Mali: It’s really hard to hear what these women have been through

Kim Brown, Conflict and Humanitarian Policy and Advocacy Adviser, hears harrowing stories from displaced people in Mali

On the last day of a field visit to Mali, I spent an afternoon in Mopti, in a local community who is hosting displaced people.

The men left the village so we could speak privately with the women about subjects that are taboo and difficult to talk about.

The women told us stories of children being abducted and raped, in some cases by numerous armed men, and for days on end. 

It’s really hard to hear what these women have been through.

One woman told a horrific story of her neighbour, who was raped in her own home.

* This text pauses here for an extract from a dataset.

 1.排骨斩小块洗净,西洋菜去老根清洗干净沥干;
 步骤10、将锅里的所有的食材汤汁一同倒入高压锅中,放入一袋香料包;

“She was sleeping in her room, next to her husband. The rebels came in, opened the mosquito net, and put a gun to her husband’s head. They did what they wanted and her husband couldn’t do anything. She had children at home too.”

My colleague Annie and I met with local women

A shortage of food – and tourists

People who have fled the north are not the only ones facing difficulties.

An ongoing food crisis means that at least two million people across the country don’t have enough  to eat – 1.2 million of whom are in the country’s northern regions.

The conflict and instability have also brought the country’s tourist industry to a halt.

A young boy from Mopti sits with us and interprets while we speak to a young woman. After we finish, he tells us that he used to make a living selling local artisan goods to tourists.

“People from all over the world used to visit Mopti but now no one comes, and I haven’t been able to work in a long time,” he says.

Strict security

When we arrive at the airport to leave Mopti, the security measures are very strict.  We get dropped off on the one kilometre security perimeter around the airport, where  our car and bags are searched.

We say farewell to our colleagues from Mopti and then get picked up on the other side of the checkpoint.

Our new driver apologises for the inconvenience but says, “after everything that has happened here in Mali, we can’t afford to take any chances.”

As we drive towards the tarmac and prepare to take off, I think about how many people in Mali are a long way from home, and a long way off from returning to the life they knew before the conflict.